What are the best mods for under 200 bucks :newbie: :cheers:


----------



## Blank (Aug 21, 2003)

...ummm, okay... 200 frontier SE, 2000 pathfinder se? 2000 xterra se sooo altima se 2000 maxima se 2000 senra se? why dont you go ahead and narrow that down for me mmmkay!!!


----------



## NissanSE00 (Mar 17, 2004)

Sorry about that, 2000 Sentra SE, Thanks for the welcome  :cheers:


----------



## Silvspec86 (Apr 4, 2003)

lol....ummm try cold air intake for starters...then move on to anything for the SR20DE...well execept exhaust...other than that, you got alot of choices.


----------



## Mr SEntra (Oct 7, 2002)

NissanSE00 said:


> What are the best mods for under 200 bucks :newbie: :cheers:


Welcome to the boards!

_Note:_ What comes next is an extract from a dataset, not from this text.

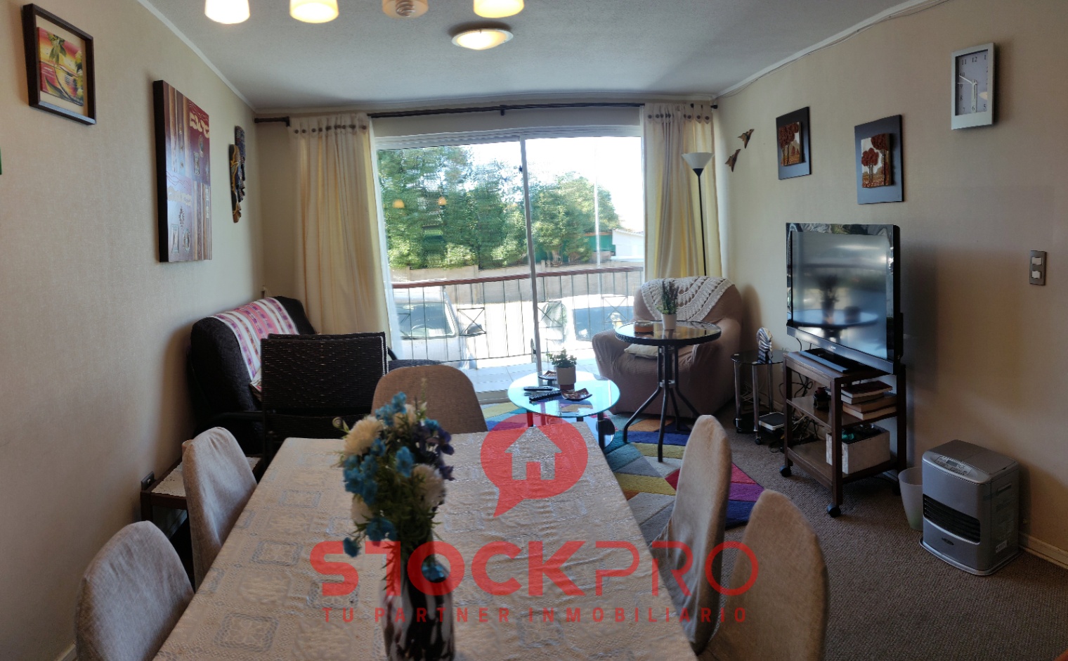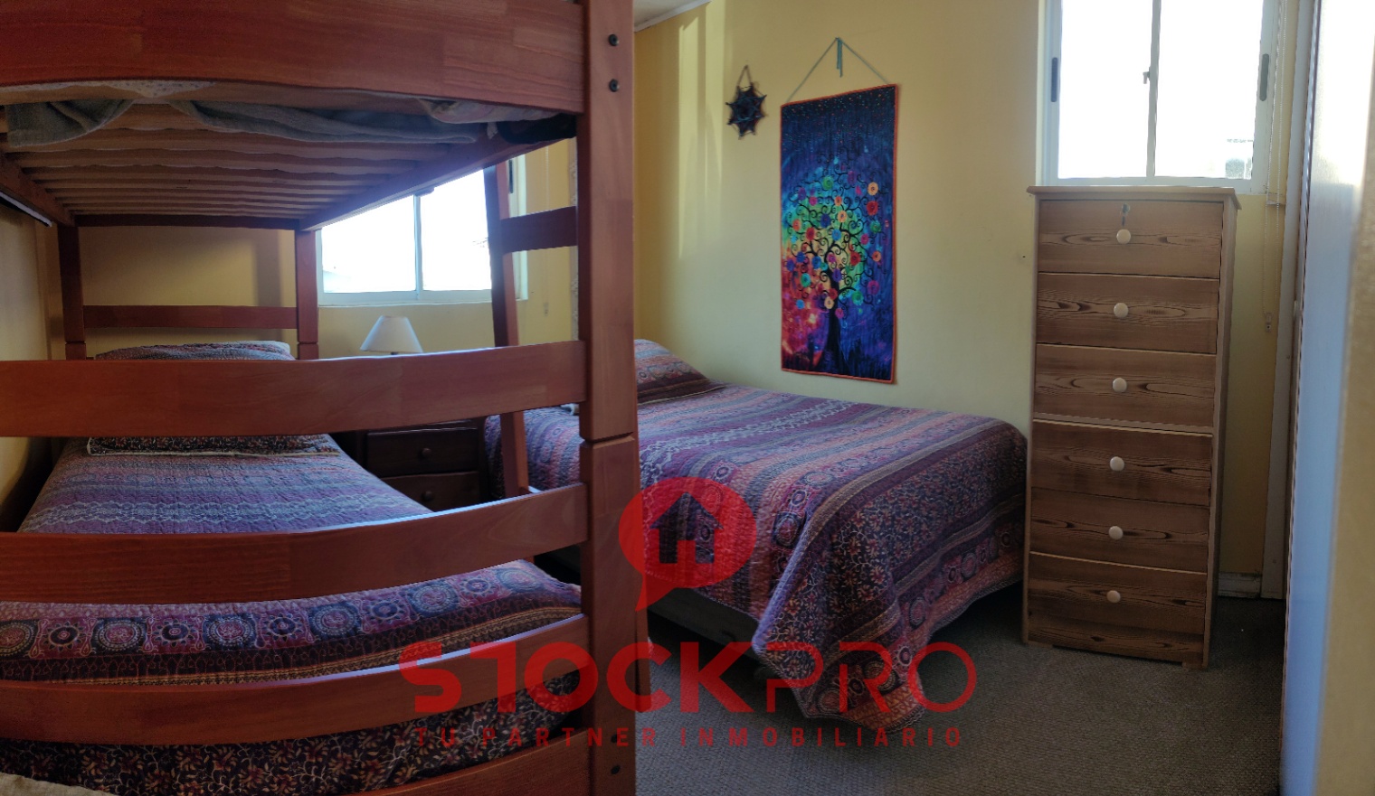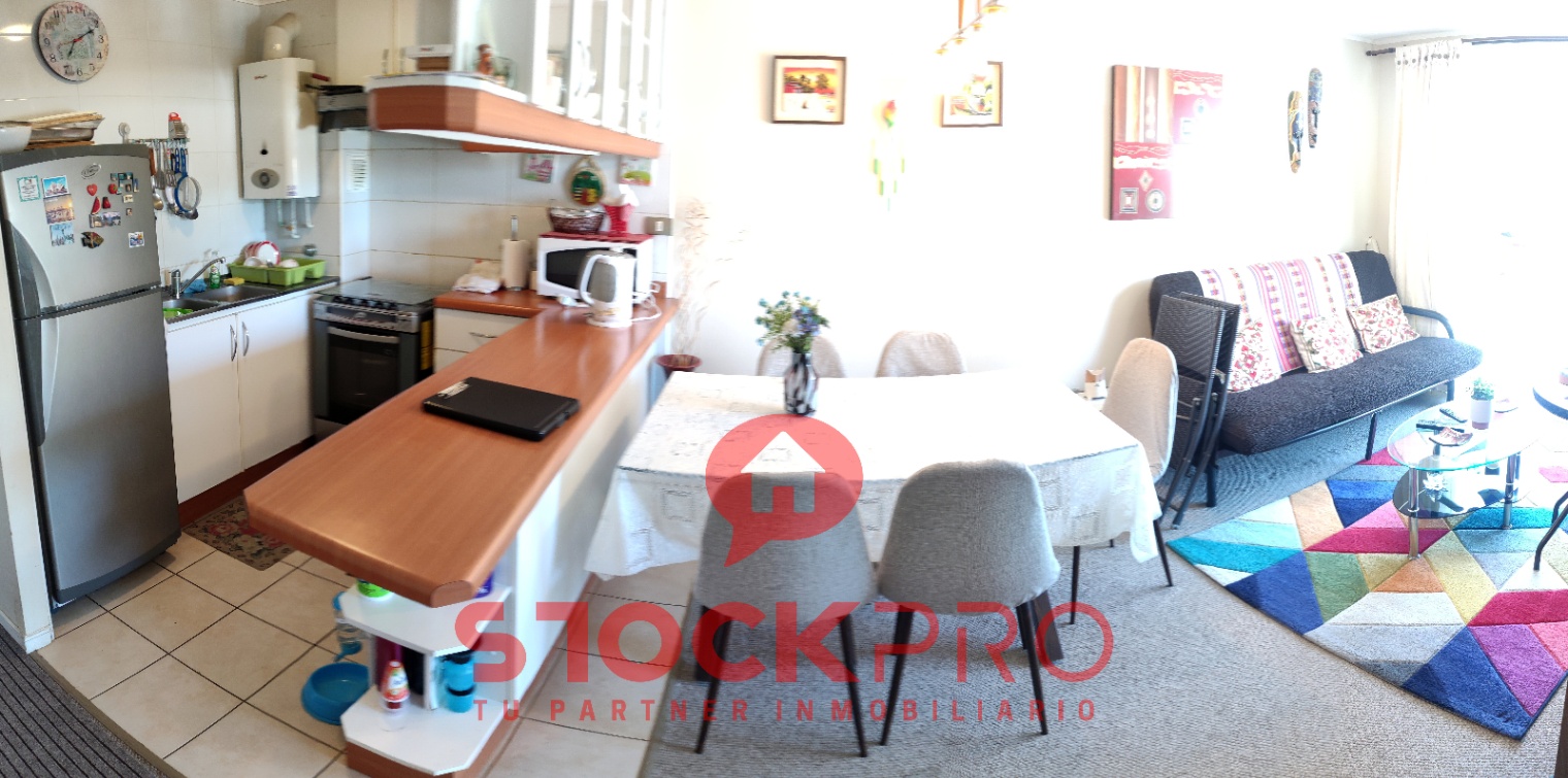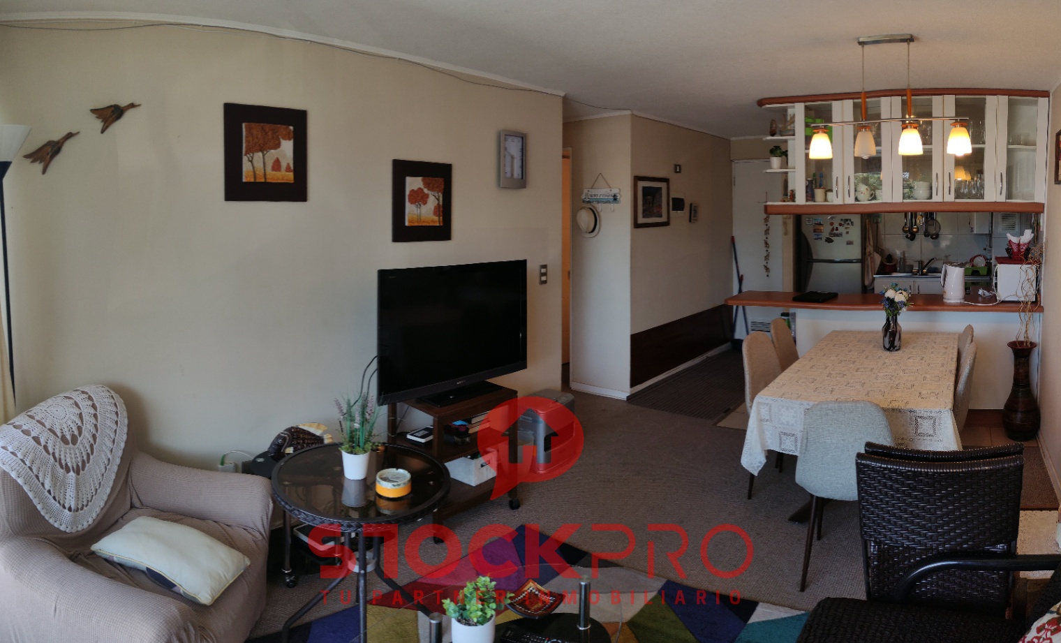 El entorno del departamento es ideal para familias, con áreas verdes, juegos infantiles y una cancha polideportiva que fomentan la actividad al aire libre. Los residentes también disfrutan de un Club House, salón de usos múltiples y piscina, creando un ambiente perfecto para el esparcimiento y la convivencia. La propiedad se encuentra en un barrio cerrado, lo que garantiza mayor seguridad y tranquilidad. Los gastos comunes son de CL$75.000, ofreciendo servicios como agua corriente, gas natural y alumbrado público, entre otros.

Are you going for performance? I would hook up with a cold air intake, Injen(can't remember if they make an application for the B15 SE) Place Racing, HS or AEM. I recommend Place Racing since I had it on the car for over 3 years with great results.  These intakes might run you a bit over 200 brand new.


----------



## Charles J. White (May 15, 2009)

I too own a 2001 SE. Looking for cold air as well, can't find one. Can anyone help?


----------